Assignment
Below are entries. Give back exactly the lines from the one containing "Kotna sedežna garnitura TANJA" through the one containing "Balatonfüred, Emléklap Balatonfüredről.", inclusive, without the pictures.
[Information provided — start]
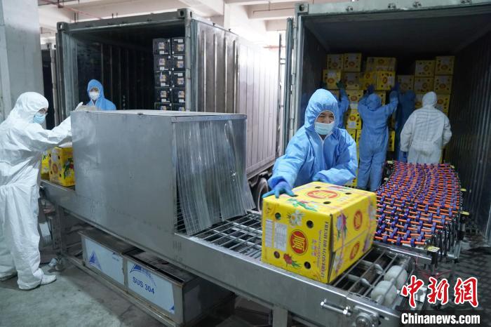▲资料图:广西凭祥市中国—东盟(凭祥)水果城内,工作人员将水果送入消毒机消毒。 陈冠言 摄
[Information provided — finish]
[Information provided — start]
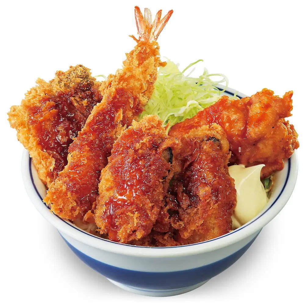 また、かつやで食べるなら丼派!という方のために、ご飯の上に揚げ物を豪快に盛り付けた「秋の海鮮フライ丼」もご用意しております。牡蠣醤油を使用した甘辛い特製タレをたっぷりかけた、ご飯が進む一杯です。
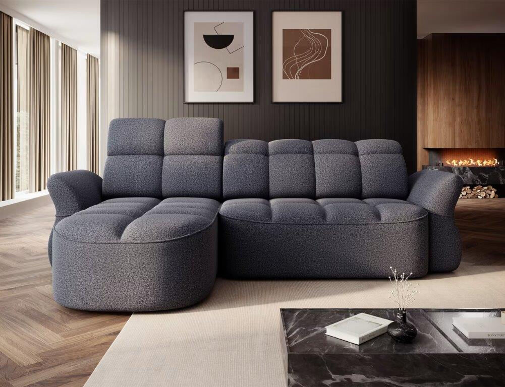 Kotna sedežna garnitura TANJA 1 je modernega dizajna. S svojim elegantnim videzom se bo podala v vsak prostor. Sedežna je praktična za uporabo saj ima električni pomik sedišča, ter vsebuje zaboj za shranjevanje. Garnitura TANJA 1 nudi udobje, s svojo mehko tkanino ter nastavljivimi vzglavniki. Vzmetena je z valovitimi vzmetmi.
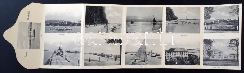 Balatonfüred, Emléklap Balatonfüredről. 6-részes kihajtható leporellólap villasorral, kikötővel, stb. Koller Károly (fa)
[Information provided — finish]
Output for this task
 Kotna sedežna garnitura TANJA 1 je modernega dizajna. S svojim elegantnim videzom se bo podala v vsak prostor. Sedežna je praktična za uporabo saj ima električni pomik sedišča, ter vsebuje zaboj za shranjevanje. Garnitura TANJA 1 nudi udobje, s svojo mehko tkanino ter nastavljivimi vzglavniki. Vzmetena je z valovitimi vzmetmi.
 Balatonfüred, Emléklap Balatonfüredről. 6-részes kihajtható leporellólap villasorral, kikötővel, stb. Koller Károly (fa)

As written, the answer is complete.